What you need to do — Give back exactly the lines of the data below, starting with the line that has "Portrait of an" and going on through the line that has "Green dragon toy".

Source information —
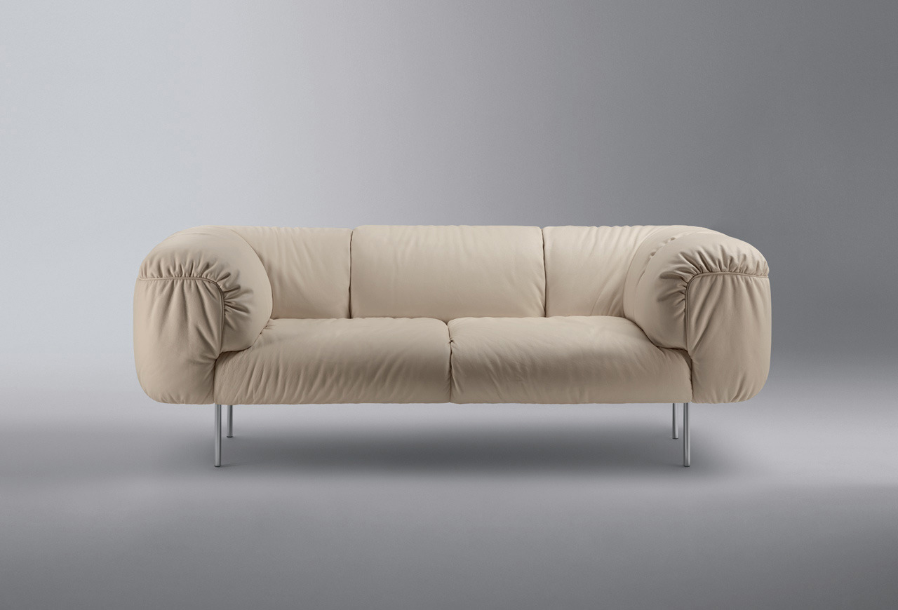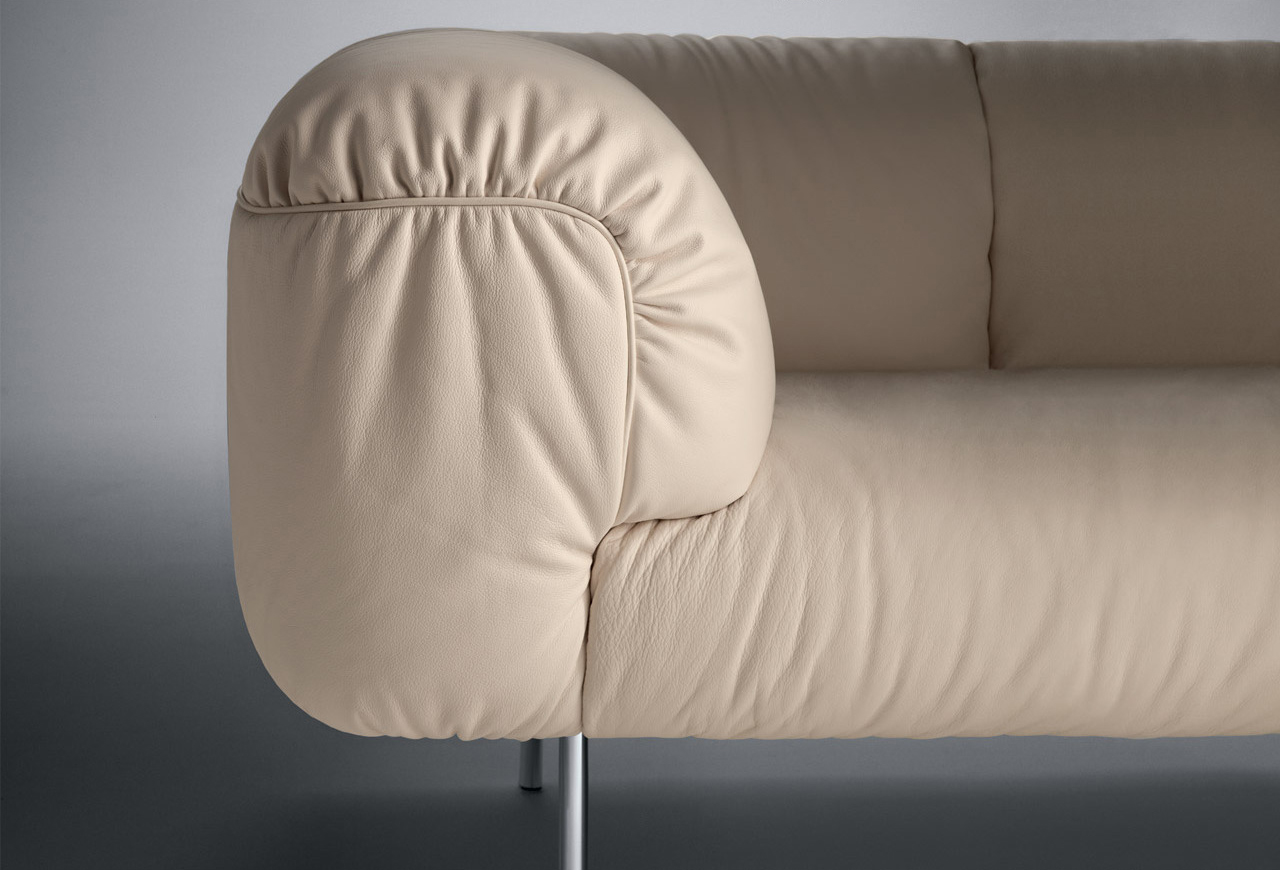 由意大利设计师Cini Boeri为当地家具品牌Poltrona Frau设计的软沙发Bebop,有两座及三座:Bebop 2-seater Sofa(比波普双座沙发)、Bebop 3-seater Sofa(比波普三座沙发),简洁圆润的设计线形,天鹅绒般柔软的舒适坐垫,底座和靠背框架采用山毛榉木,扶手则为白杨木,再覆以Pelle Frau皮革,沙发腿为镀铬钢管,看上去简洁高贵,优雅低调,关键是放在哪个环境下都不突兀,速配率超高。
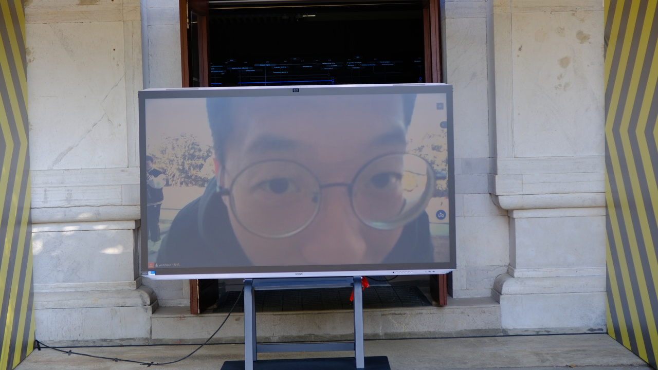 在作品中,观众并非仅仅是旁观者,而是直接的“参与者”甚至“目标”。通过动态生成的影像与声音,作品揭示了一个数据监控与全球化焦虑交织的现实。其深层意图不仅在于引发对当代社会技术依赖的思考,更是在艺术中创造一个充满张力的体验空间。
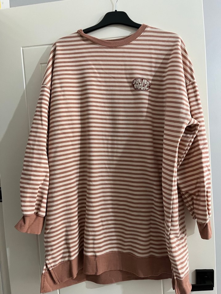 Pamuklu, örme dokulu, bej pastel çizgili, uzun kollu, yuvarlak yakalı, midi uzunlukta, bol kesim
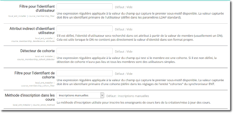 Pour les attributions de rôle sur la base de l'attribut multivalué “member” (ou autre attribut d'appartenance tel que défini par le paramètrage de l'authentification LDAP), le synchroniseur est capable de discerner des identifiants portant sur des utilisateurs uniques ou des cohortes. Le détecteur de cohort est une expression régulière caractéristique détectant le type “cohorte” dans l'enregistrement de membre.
...
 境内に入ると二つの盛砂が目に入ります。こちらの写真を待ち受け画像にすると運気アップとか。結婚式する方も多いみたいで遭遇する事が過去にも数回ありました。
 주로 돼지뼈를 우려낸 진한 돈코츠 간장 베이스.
==
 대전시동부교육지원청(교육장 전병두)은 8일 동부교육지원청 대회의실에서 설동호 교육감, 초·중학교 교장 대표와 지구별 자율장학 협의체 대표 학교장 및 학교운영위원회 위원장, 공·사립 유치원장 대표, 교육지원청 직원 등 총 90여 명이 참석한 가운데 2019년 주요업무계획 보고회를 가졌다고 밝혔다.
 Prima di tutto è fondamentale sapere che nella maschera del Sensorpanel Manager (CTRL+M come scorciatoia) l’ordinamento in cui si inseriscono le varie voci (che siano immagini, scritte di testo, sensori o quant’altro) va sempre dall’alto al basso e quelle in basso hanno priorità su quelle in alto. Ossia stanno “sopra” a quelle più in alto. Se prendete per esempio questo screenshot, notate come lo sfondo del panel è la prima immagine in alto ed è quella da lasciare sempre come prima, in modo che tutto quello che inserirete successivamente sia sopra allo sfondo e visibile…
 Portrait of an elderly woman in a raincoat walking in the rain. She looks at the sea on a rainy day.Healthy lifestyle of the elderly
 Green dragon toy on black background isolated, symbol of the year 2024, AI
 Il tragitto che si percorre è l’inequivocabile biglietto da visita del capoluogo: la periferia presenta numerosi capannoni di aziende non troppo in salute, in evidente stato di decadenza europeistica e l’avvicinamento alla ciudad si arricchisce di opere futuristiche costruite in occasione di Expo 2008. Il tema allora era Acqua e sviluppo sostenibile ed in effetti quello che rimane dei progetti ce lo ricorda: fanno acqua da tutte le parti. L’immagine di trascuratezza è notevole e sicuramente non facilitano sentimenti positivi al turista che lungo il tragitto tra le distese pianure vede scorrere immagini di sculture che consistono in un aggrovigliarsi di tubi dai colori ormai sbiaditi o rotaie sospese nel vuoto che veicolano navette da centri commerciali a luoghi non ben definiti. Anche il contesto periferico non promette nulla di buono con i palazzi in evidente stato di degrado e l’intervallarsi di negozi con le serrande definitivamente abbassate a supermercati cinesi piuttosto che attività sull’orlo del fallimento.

Expected answer —
 Portrait of an elderly woman in a raincoat walking in the rain. She looks at the sea on a rainy day.Healthy lifestyle of the elderly
 Green dragon toy on black background isolated, symbol of the year 2024, AI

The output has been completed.